水門を抜け、大きなチャオプラヤー川へ合流し、南側対岸にある「パーククローン(Pak Khlong)花市場」へ。
3~5月のバンコクは「暑季」にあたり、一年でもっとも暑い時季。船着場から路地を抜け、市場を目指している間に汗が噴き出してくるのだが、活気ある市場に足を踏み入れると気分は一変、「花」「華」「ハナ」「はな」で埋め尽くされた場内に圧倒され、暑さなどどこ吹く風になってしまう。寺院などに供えられる仏花はもちろん、レストランやカフェでテーブルや料理を彩る花も並び、タイの人たちの生活に欠かせない「花」が可憐な表情を見せてくれる場所は一服の清涼剤でもあり、時間を作って訪れたい場所のひとつ。
再び舟に戻り、チャオプラヤー川を南へ向かう、汗を帯びたシャツが心地よくはためいていく。
2018年11月にオープンした「アイコン・サイアム(Icon Siam)」へ。近年、バンコクでは「ターミナル21」や「アジアティーク」「サイアム・パラゴン」など大型のショッピングモールが地元っ子の話題と注目を集めているだけに、この最新ショッピングモールが今後、注目のホットスポットになることは間違いない。

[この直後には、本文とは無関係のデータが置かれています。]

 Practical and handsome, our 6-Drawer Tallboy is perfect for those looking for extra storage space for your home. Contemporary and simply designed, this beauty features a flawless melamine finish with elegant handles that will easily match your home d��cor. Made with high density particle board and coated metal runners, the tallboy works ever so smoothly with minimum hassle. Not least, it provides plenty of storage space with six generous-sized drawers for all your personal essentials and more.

船着場から眺めるとまずはその巨大に驚かされる、さらに有名ブランドが並ぶフロアも広く大きく、ただただ圧倒されるばかり、そのサイズ感は日本ではお目にかかれないものだ。ただ大きいばかりでなく、地下のフロアに足を踏み入れるとガラリと変わった雰囲気が出迎える。このフロアは水上マーケットを模した造りになっており、そこには市場とフードコートと雑貨店が混在、価格帯的にも衛生的にも旅行者も安心して楽しめるスタイルになっているのだ。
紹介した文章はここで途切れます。